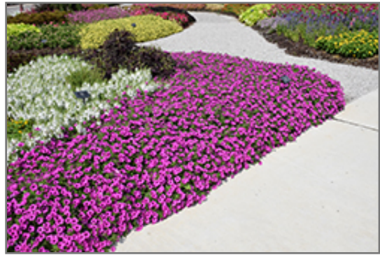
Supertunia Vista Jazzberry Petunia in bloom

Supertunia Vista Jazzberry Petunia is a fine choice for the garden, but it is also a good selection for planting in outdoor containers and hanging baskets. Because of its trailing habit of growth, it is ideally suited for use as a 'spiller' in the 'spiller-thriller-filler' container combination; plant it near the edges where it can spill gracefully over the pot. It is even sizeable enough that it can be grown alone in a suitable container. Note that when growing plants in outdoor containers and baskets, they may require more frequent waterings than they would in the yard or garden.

---

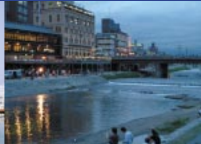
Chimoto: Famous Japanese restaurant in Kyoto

> What is required:
Which of the lines above hold the word "Jazzberry"? Copy each one.

> Your solution:
Supertunia Vista Jazzberry Petunia in bloom
Supertunia Vista Jazzberry Petunia is a fine choice for the garden, but it is also a good selection for planting in outdoor containers and hanging baskets. Because of its trailing habit of growth, it is ideally suited for use as a 'spiller' in the 'spiller-thriller-filler' container combination; plant it near the edges where it can spill gracefully over the pot. It is even sizeable enough that it can be grown alone in a suitable container. Note that when growing plants in outdoor containers and baskets, they may require more frequent waterings than they would in the yard or garden.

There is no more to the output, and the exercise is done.